Individuals who self-report as “Hispanic/Latino – Other Race” (HL-Oth) (N=2,206) and have had a diagnosis of “Other chronic nonalcoholic liver disease” or (B) type 2 diabetes are binned by their proportions of European, African, and Native American ancestry estimated using ADMIXTURE. Bins are defined by the proportion of each ancestral population in increments of 0.20. Within each bin, we plot the prevalence of the diagnoses and provide standard errors (+/-1.96 SE) of the computed frequencies.
Genome and phenome-wide association scans identify known risk regions and elucidates correlated phenotypes
EHR-linked biobanks also offer the opportunity of investigating genetic associations with traits across the genome. These efforts impose special challenges, such as adjusting for population stratification and cryptic relatedness in health systems that serve entire families as well as extracting phenotypes from EHR, namely due to inconsistencies in mapping diagnosis codes (ICD codes) to phenotypes and difficulties in defining appropriate controls for specific phenotypes. Here, we implemented the phecode system (v1.2) [31], [49] within a GWAS pipeline that accounts for population stratification (see Methods). As an example, we present results for phecode 571.5 ‘other chronic nonalcoholic liver disease’ (see Methods) across 15,439 unrelated individuals of European (EUR) ancestry and 4,472 unrelated individuals of Admixed American (AMR) ancestry (Figure 7). GWAS associations are well-calibrated for both populations (Supplementary Figure S10), with little evidence of test statistic inflation (AMR genomic inflation factor λGC = 1.01; EUR genomic inflation factor λGC = 1.02).
GWAS Manhattan plots for “Other chronic nonalcoholic liver disease” in the (A) AMR genetic ancestry group (N-Case: 919, N-Controls: 3,262) and (B) EUR genetic ancestry group (N-Case: 2,275, N-Controls: 14,155). The red dashed line denotes genome-wide significance (p<5e-08). We recapitulate a known association at the 22q13.31 locus in both populations.
In the EUR study, we find three SNPs that pass genome-wide significance (p < 5e-8) and 70 SNPs that reach significance in the AMR study (Supplementary Table S9). All genome-wide significant SNPs from both studies fall within the 22q13.31 locus, which contains the PNPLA3 gene. This gene has been extensively studied for its role in the risk of various liver diseases such as nonalcoholic fatty liver disease [50], [51]. The lead SNP from both analyses, rs2294915, is an intronic variant in the PNPLA3 gene and has MAF=0.45 in the AMR group but only MAF=0.24 in the EUR group. A nearby SNP, though not directly tested due to quality control filtering, is rs738409, a missense variant for PNPLA3 that has been well-documented for its role in the susceptibility of several types of liver disease [52]. Using measurements of LD from the 1000 Genomes reference panel, we find that rs2294915 is in high LD with rs738409 in the AMR analysis (R2 =0.94) as well as in the EUR analysis, although to a slightly lesser extent (R2 =0.85) [53].
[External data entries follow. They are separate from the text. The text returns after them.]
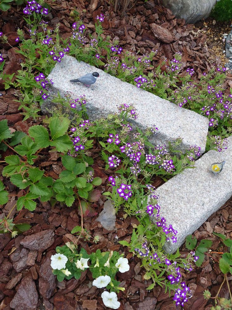 ビジョザクラ、ペチュニア、そして🐦さんオブジェ✨
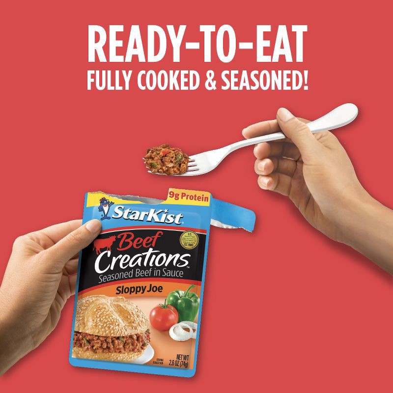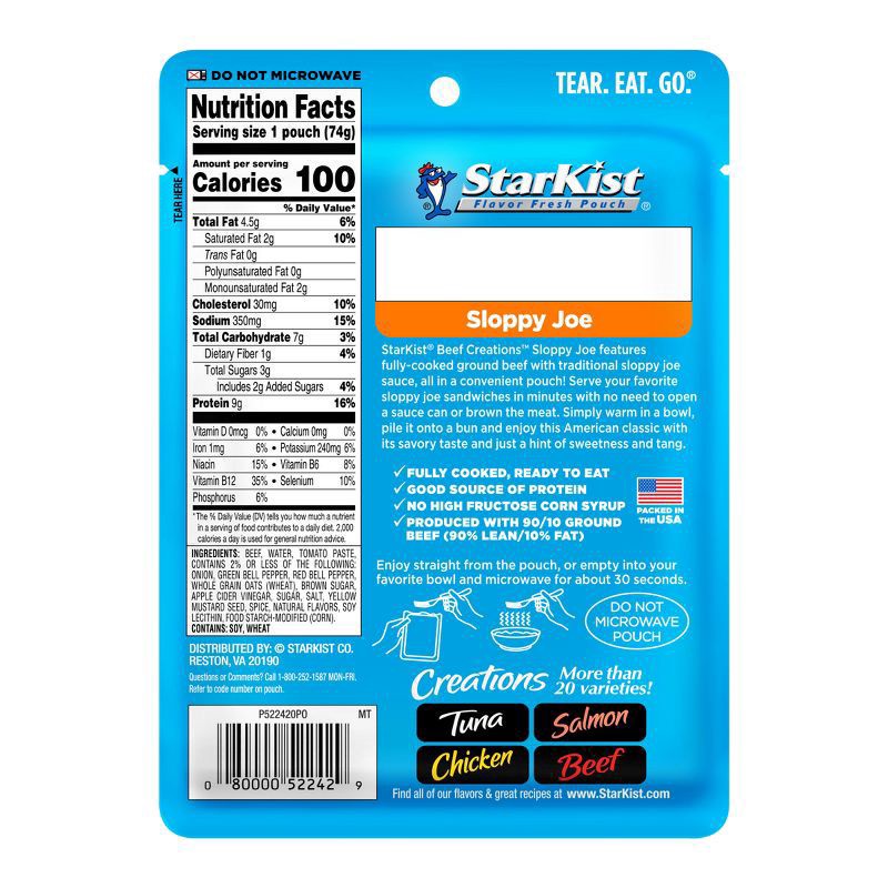 StarKist® Beef Creations™ Sloppy Joe features fully cooked ground beef with traditional sloppy joe sauce, all in a convenient Pouch! This appetizing combination of 90/10 lean ground beef mixed with on…
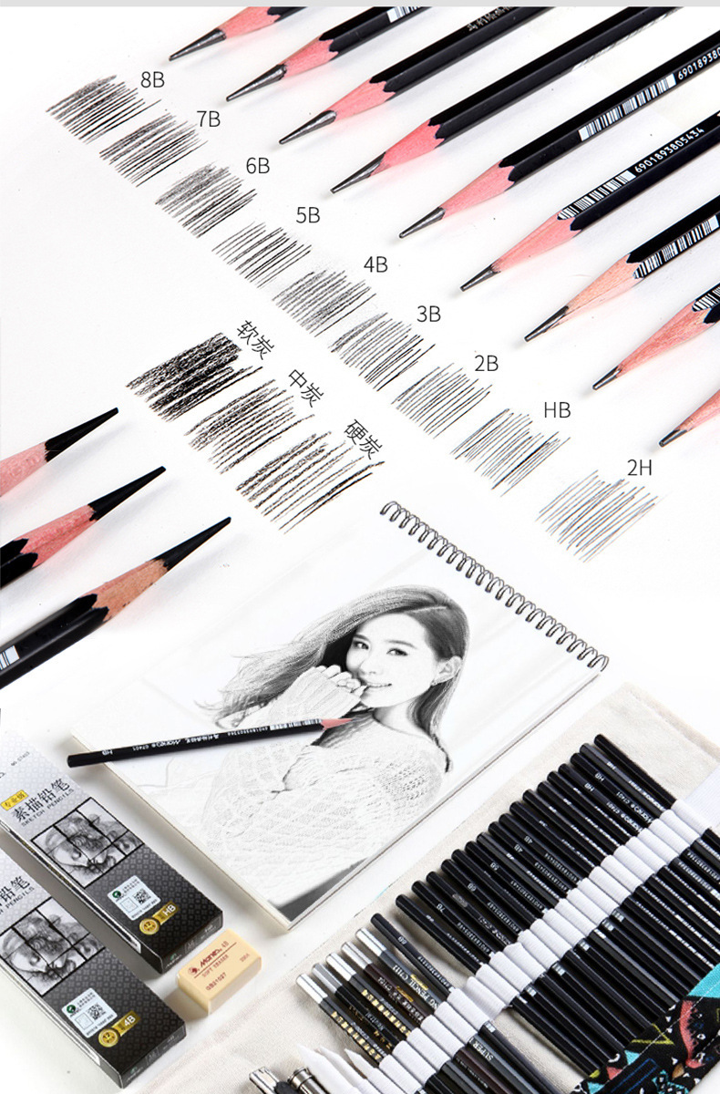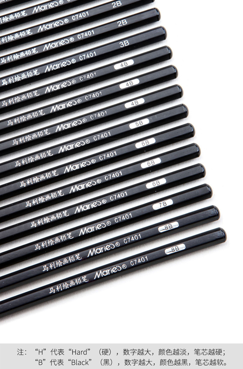 말리 스케치 연필 숯 펜 싱글 도매 7401 세대 2B 크로스 보더 소프트 카본 소프트 미디엄 하드 7300 스케치 카본 펜
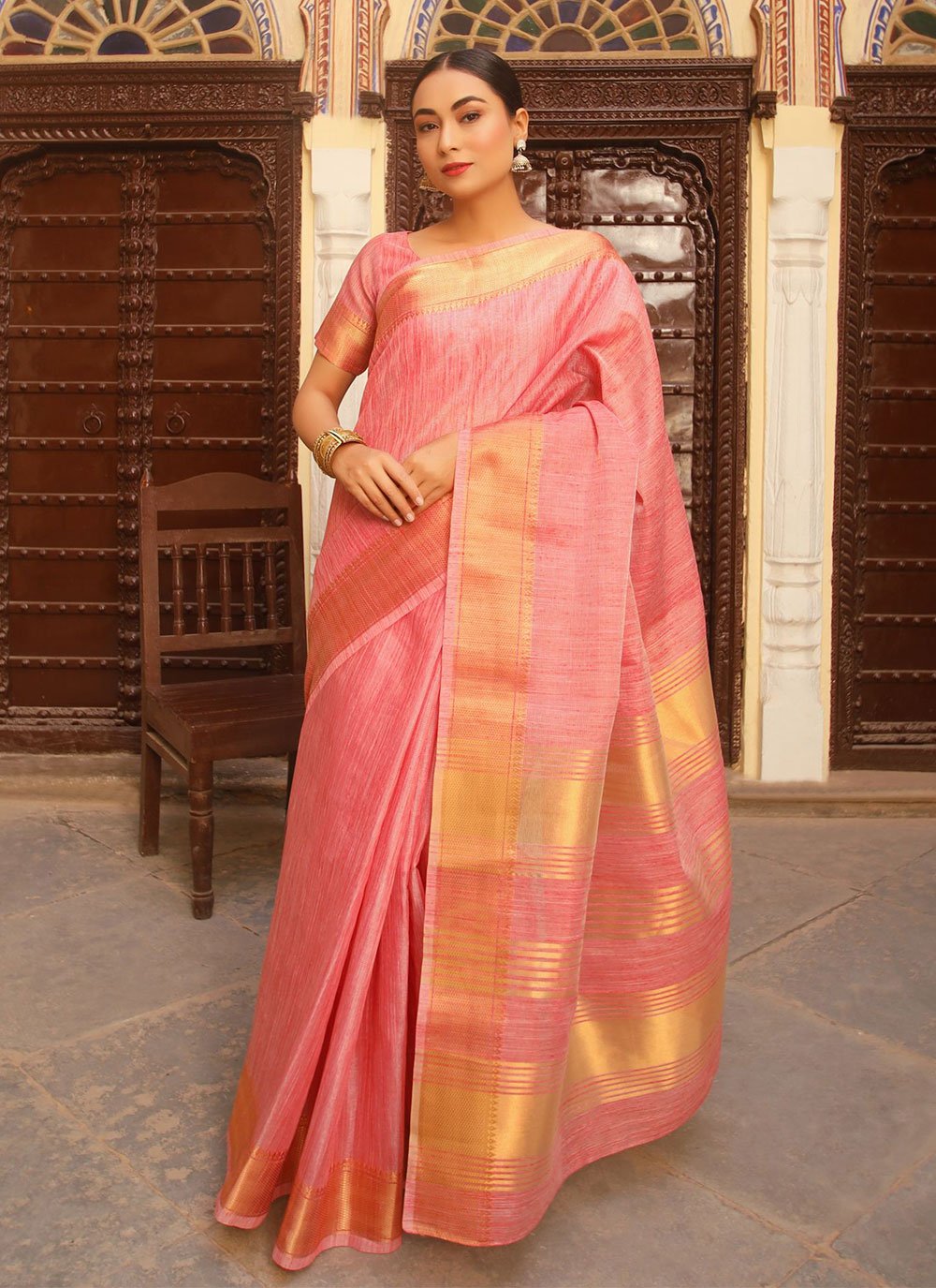 Designed with simplicity with a touch of soberness in its work makes a masterpiece. Keep ahead in fashion with this pink linen and silk trendy saree. Beautified with woven work all synchronized well with the pattern and design of the attire. Comes with matching blouse. (Slight variation in color, fabric & work is possible. Model images are only representative.)
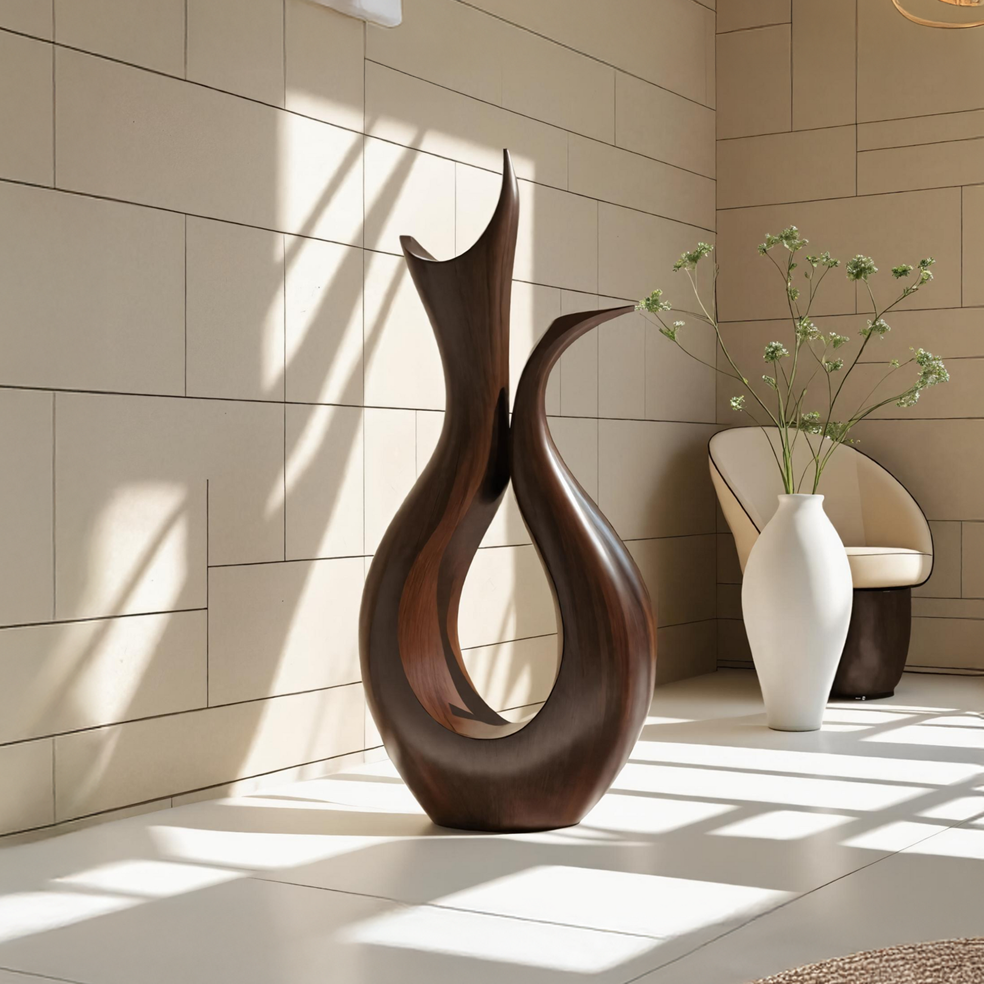Inspired by the flowing movement of flames and the organic forms found in nature, this abstract wooden sculpture is more than just décor - it’s a visual statement. Its fluid, twisting curves evoke motion and harmony, creating a sense of energy that subtly transforms any space. Whether used as a focal point or an accent piece, it brings life and depth to minimalist, modern, and contemporary interiors.
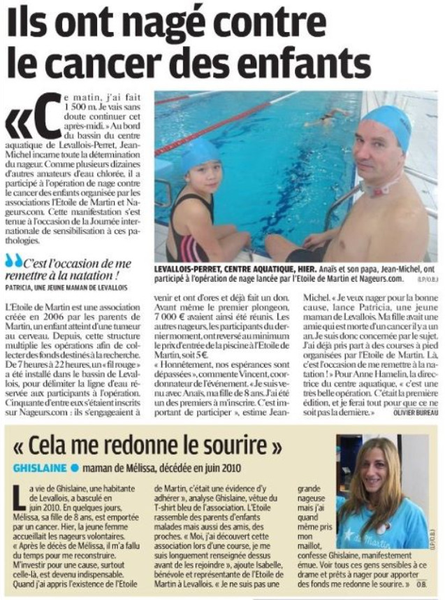 En fait Jean-Michel a nagé plusieurs fois pour L'étoile de Martin, notamment avec sa fille à la piscine de Levallois, ils étaient en photo dans le Parisien, ou un autre journal? Alors comme l'Etoile de Martin a transféré ses dons à Roussy , ça serait logique de faire un don à Roussy qui de toute façon, fait de la recherche pour tous les cancers pédiatriques
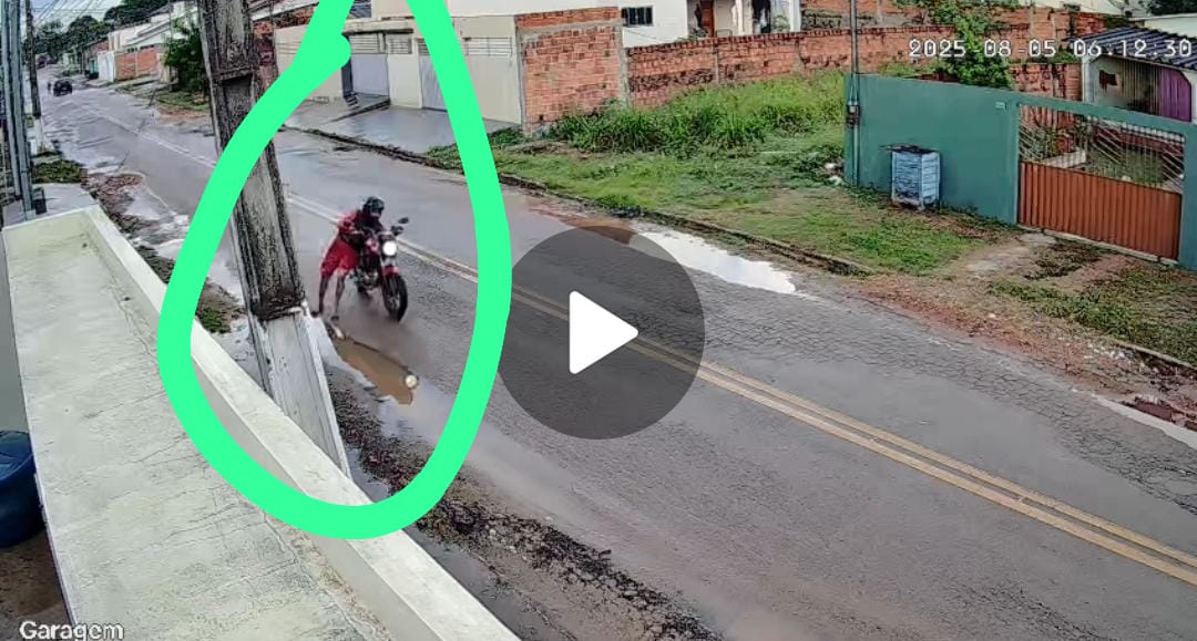 Imagens registradas por uma câmera de segurança de uma residência mostram o exato momento em que o homem perde o controle ao passar pela poça formada por água da chuva acumulada sobre o asfalto. Devido à alta velocidade, a moto aquaplanou e o condutor caiu na pista.
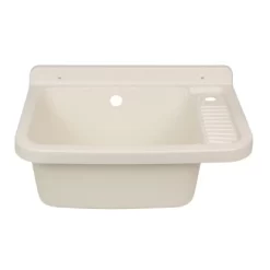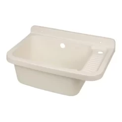 Das Ausgussbecken findet seinen Einsatz vorrangig in Neben-, KellerrÀumen oder Garagen. Der Ausguss befindet sich mittig, wandseitig ist der Rand erhöht. Dadurch gelingt die Wandontage besonders leicht. ZusÀtzlich ist das Becken mit einer AblageflÀche sowie einem integrierten Seifenspender auf der rechten Seite ausgestattet. Der SeifenstÀnder kann individuell durch einen kleinen Wasserhahn ersetzt werden (separat erhÀltliches Material).
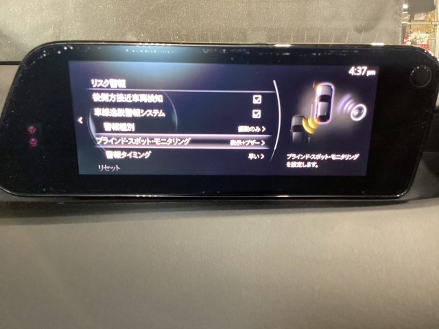後方左右の死角に入ってしまった車両をセンサーが感知しドライバーにお知らせしてくれるブラインドスポットモニタリングシステム。高速の合流などでも安心できます。
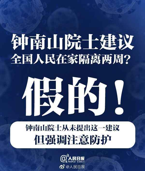 广州医科大学附属第一医院相关负责人表示,钟南山院士从未提出“全中国人民在家隔离两周”的建议。
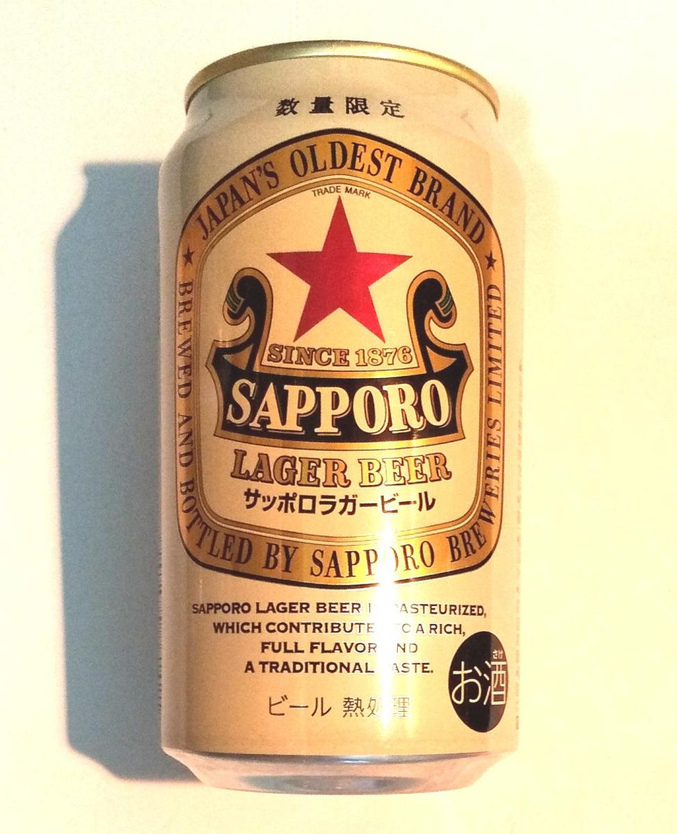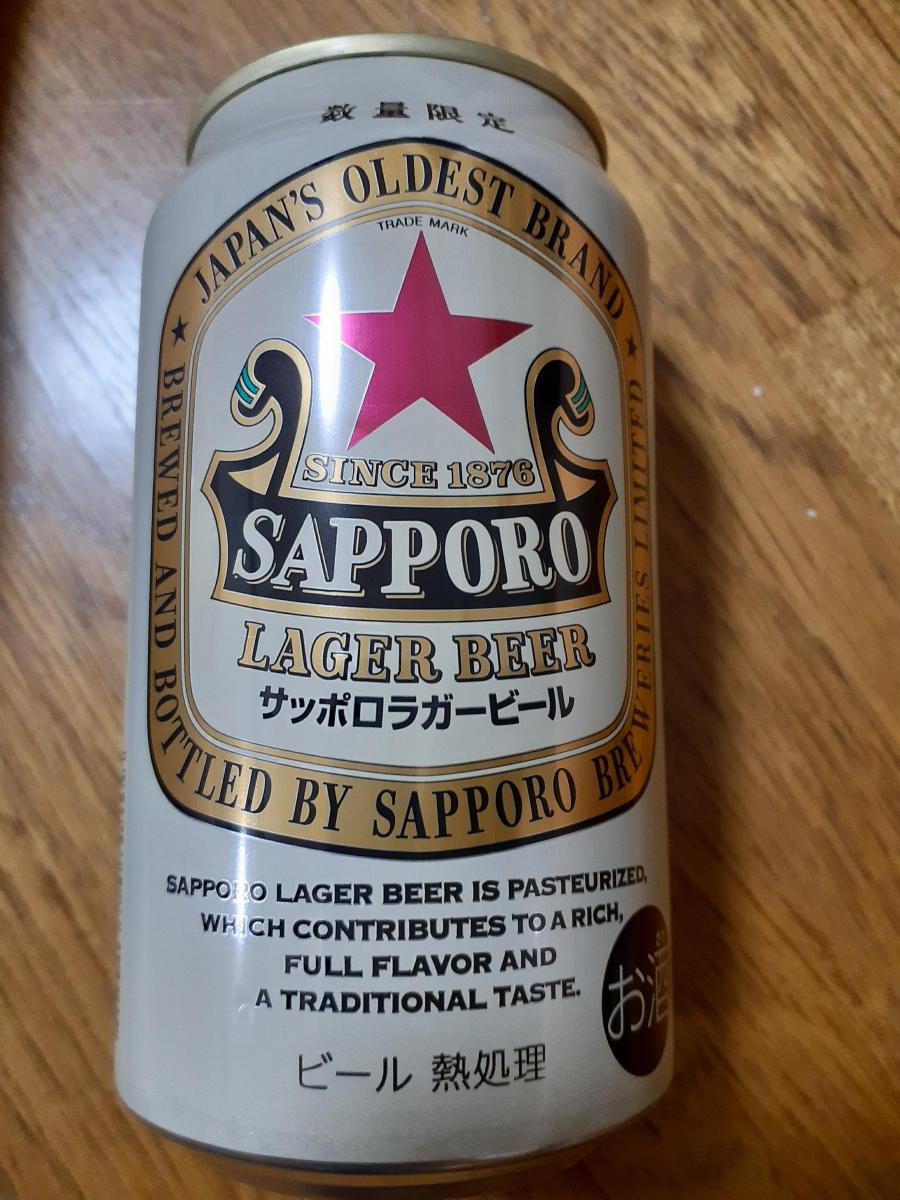 サッポロの最も古いブランド、サッポロラガービールです。のどごし、キレよく、正面からのパッケージかっこよく、後ろもノスタルジックなきれいな缶です!

Next, we leverage GWAS for all existing phecodes to investigate the association of the lead variant, rs2294915, across all 1,330 EHR-derived phenotypes (i.e. a phenome-wide association study: PheWAS). After adjusting for both genome-wide significance and the number of phenotypes (p < 3.8e-11), we find that only the liver-related phenotypes within the AMR study reach significance (Figure 8). Additionally, multiple neoplastic and neurological phenotypes, which are comorbidities with severe liver disease [50], [54]–[56], are nominally significant only in the AMR study after adjusting for the number of tested phenotypes (p < 3.8e-5). These findings suggest possible differential genetic architecture across these two populations, as well as variation even at the phenotype level, reflecting possible genetic or environmental modifiers of important comorbidities.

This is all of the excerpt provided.